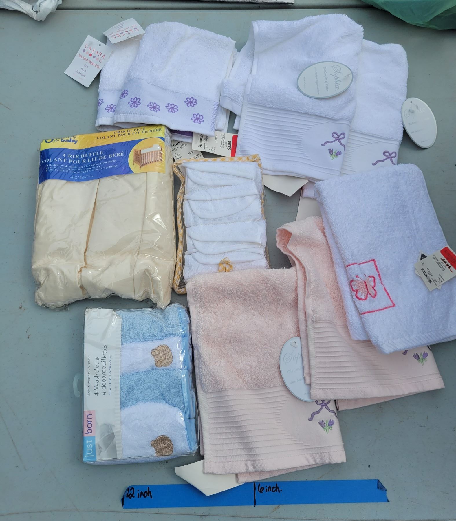 Linen + Baby Lot - Tea Towels, Wash Cloths, Crib Ruffle
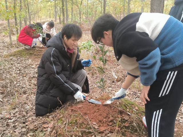 植树现场,各小组分赴后山不同角落,挖坑、扶苗、填土、浇水,师生们齐心协力,将一株株树苗牢牢种在学校后山,共同为构筑绿色校园、推动可持续发展贡献青春力量。“绿水青山就是金山银山”,本次活动不仅为校园增添了一抹盎然生机,更彰显了新时代青年在生态文明建设中的使命担当。
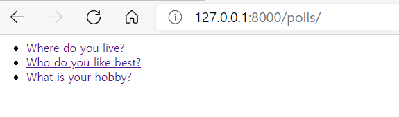그리고 다시 아이피주소/polls로 이동하면 채워넣은 것들을 볼 수 있다.
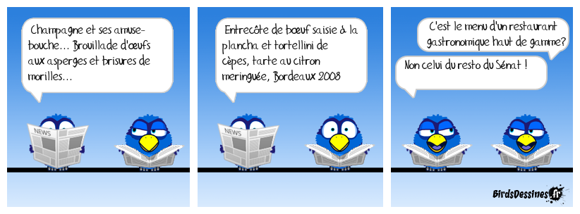 Case 1:Bird 1: Champagne et ses amuse- bouche... Brouillade d'œufs aux asperges et brisures de morilles... | Case 2: Bird 1: Entrecôte de bœuf saisie à la plancha et tortellini de cèpes, tarte au citron meringuée, Bordeaux 2008 | Case 3: Bird 1: C'est le menu d'un restaurant gastronomique haut de gamme? Bird 2: Non celui du resto du Sénat !
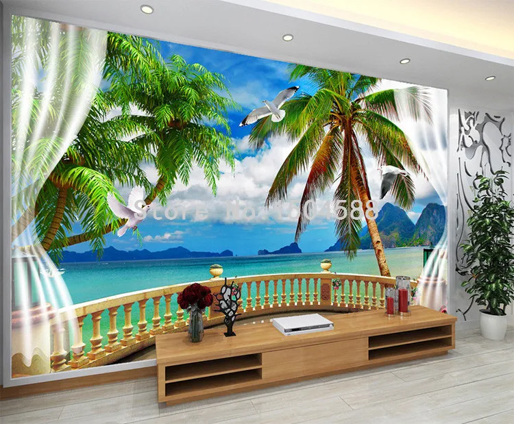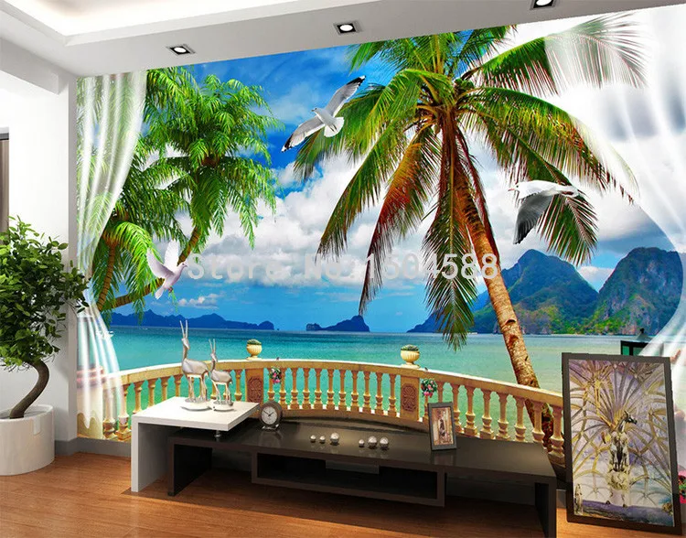 Голубое небо пляж кокосовые пальмы 3D балкон занавес фото обои гостиная отель спальня Уютный домашний Декор 3D росписи
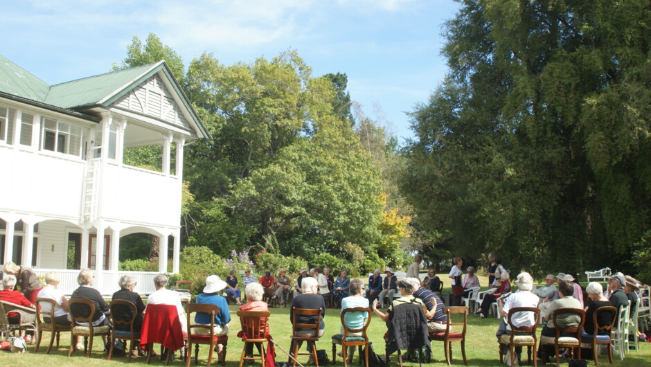 The garden has several original native trees including one of the southernmost kauris, many rare native bellbirds, & the original large fruit orchard. The azaleas and rhododendrons are original to the house, brought to New Zealand by Thomas Potts himself. There are a number of structures: a gazebo, a folly, a rotunda and also a pond under reconstruction.It was established 1912 by Millicent Hall, daughter of TH Potts, one of New Zealand's most renowned early botanists & conservationists, & her children. The Lodge is set in 30 acres of grounds at feet of Mt Hutt with a grand view, mature trees, new plantings and farmland. The chicken run features Araucanas, Rhode Islands, Plymouth Barr Rocks and lots of Shavers. A history talk is available.
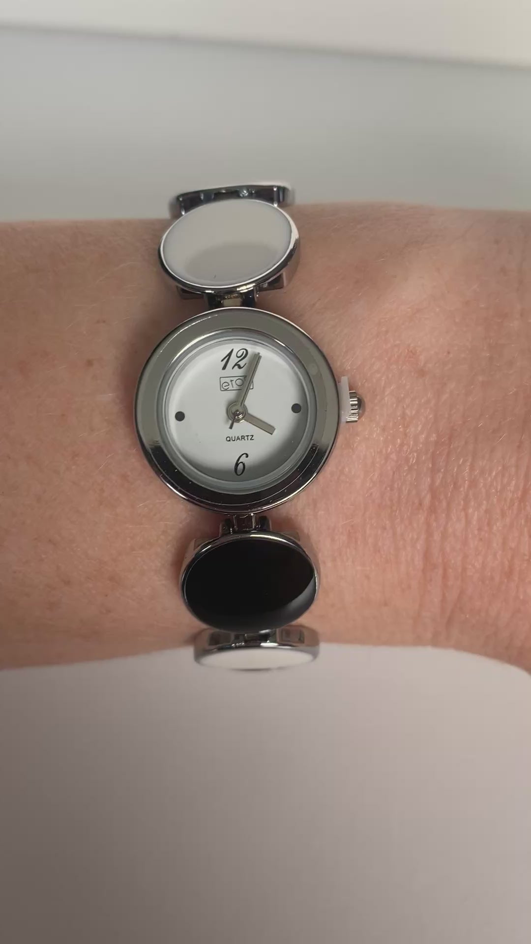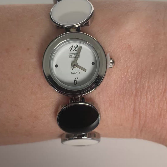 This is a striking women's bracelet watch with a modern, high-contrast design. The unique band is made up of alternating circular links in glossy black and white, connected by sleek silver-tone settings. It features a small, simple silver-tone watch face with a white dial. This piece functions beautifully as both a precise timekeeper and a fashionable, monochromatic jewelry accessory, securing easily with a jewelry clasp.
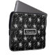 Esta bolsa de laptop tem um padrão divertido e pode ser personalizada mudando o nome. Este padrão de abstrato consiste em flores de linhagem branca sobre fundo preto que a faz parecer moderna e elegante.
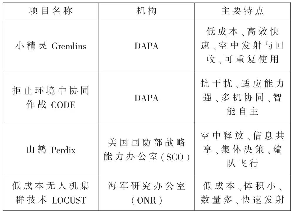 通过单体之间的紧密协作,体现智能无人机集群体作战性能的优越性,世界各国均致力开展智能无人机集群的研究,已经成为无人机领域的一个重要发展方向。美国通过国防高级研究局 (Defense Advanced Research Projects Agency,DARPA)和海军研究实验室(United States Naval Research Laborator,NRL)等机构全力探究无人机集群最新技术,应用于军事发展,以保证其全球军事技术领先。目前典型的无人机集群技术有:小精灵(Gremlins)项目、拒止环境中协同作战项目(CODE)、“山鹑”(Perdix)微型无人机项目、低成本无人机集群技术项目(LOCUST)等[5-7],其主要特点如表1所示。
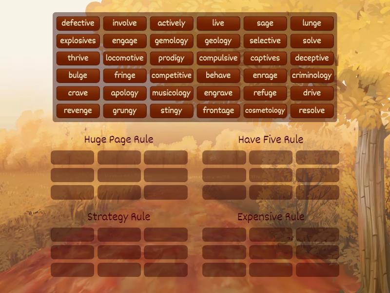 Huge Page Rule: fringe, enrage, refuge, lunge, bulge, revenge, engage, sage, frontage, Have Five Rule: crave, thrive, resolve, solve, engrave, involve, drive, behave, live, Strategy Rule: criminology, prodigy, apology, geology, musicology, gemology, cosmetology, grungy, stingy, Expensive Rule: locomotive, compulsive, defective, actively, selective, deceptive, explosives, captives, competitive,
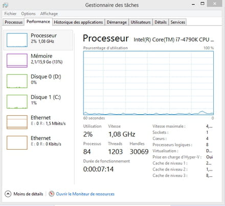 Bonjour, suite à un problème de processeur qui montait assez haut en terme d'utilisation alors que je venais de démarrer le PC ( pc puissant ). J'ai enlever le problème et maintenant je voudrais savoir par question de sécurité si le processeur aller normalement. (image ci-dessous) Config: GTX 970, 16go, i7 4970k
————————
All text in the material above must be written out exactly; the images are to be skipped.

Exercise solution:
 Linen + Baby Lot - Tea Towels, Wash Cloths, Crib Ruffle
 植树现场,各小组分赴后山不同角落,挖坑、扶苗、填土、浇水,师生们齐心协力,将一株株树苗牢牢种在学校后山,共同为构筑绿色校园、推动可持续发展贡献青春力量。“绿水青山就是金山银山”,本次活动不仅为校园增添了一抹盎然生机,更彰显了新时代青年在生态文明建设中的使命担当。
그리고 다시 아이피주소/polls로 이동하면 채워넣은 것들을 볼 수 있다.
 Case 1:Bird 1: Champagne et ses amuse- bouche... Brouillade d'œufs aux asperges et brisures de morilles... | Case 2: Bird 1: Entrecôte de bœuf saisie à la plancha et tortellini de cèpes, tarte au citron meringuée, Bordeaux 2008 | Case 3: Bird 1: C'est le menu d'un restaurant gastronomique haut de gamme? Bird 2: Non celui du resto du Sénat !
 Голубое небо пляж кокосовые пальмы 3D балкон занавес фото обои гостиная отель спальня Уютный домашний Декор 3D росписи
 The garden has several original native trees including one of the southernmost kauris, many rare native bellbirds, & the original large fruit orchard. The azaleas and rhododendrons are original to the house, brought to New Zealand by Thomas Potts himself. There are a number of structures: a gazebo, a folly, a rotunda and also a pond under reconstruction.It was established 1912 by Millicent Hall, daughter of TH Potts, one of New Zealand's most renowned early botanists & conservationists, & her children. The Lodge is set in 30 acres of grounds at feet of Mt Hutt with a grand view, mature trees, new plantings and farmland. The chicken run features Araucanas, Rhode Islands, Plymouth Barr Rocks and lots of Shavers. A history talk is available.
 This is a striking women's bracelet watch with a modern, high-contrast design. The unique band is made up of alternating circular links in glossy black and white, connected by sleek silver-tone settings. It features a small, simple silver-tone watch face with a white dial. This piece functions beautifully as both a precise timekeeper and a fashionable, monochromatic jewelry accessory, securing easily with a jewelry clasp.
 Esta bolsa de laptop tem um padrão divertido e pode ser personalizada mudando o nome. Este padrão de abstrato consiste em flores de linhagem branca sobre fundo preto que a faz parecer moderna e elegante.
 通过单体之间的紧密协作,体现智能无人机集群体作战性能的优越性,世界各国均致力开展智能无人机集群的研究,已经成为无人机领域的一个重要发展方向。美国通过国防高级研究局 (Defense Advanced Research Projects Agency,DARPA)和海军研究实验室(United States Naval Research Laborator,NRL)等机构全力探究无人机集群最新技术,应用于军事发展,以保证其全球军事技术领先。目前典型的无人机集群技术有:小精灵(Gremlins)项目、拒止环境中协同作战项目(CODE)、“山鹑”(Perdix)微型无人机项目、低成本无人机集群技术项目(LOCUST)等[5-7],其主要特点如表1所示。
 Huge Page Rule: fringe, enrage, refuge, lunge, bulge, revenge, engage, sage, frontage, Have Five Rule: crave, thrive, resolve, solve, engrave, involve, drive, behave, live, Strategy Rule: criminology, prodigy, apology, geology, musicology, gemology, cosmetology, grungy, stingy, Expensive Rule: locomotive, compulsive, defective, actively, selective, deceptive, explosives, captives, competitive,
 Bonjour, suite à un problème de processeur qui montait assez haut en terme d'utilisation alors que je venais de démarrer le PC ( pc puissant ). J'ai enlever le problème et maintenant je voudrais savoir par question de sécurité si le processeur aller normalement. (image ci-dessous) Config: GTX 970, 16go, i7 4970k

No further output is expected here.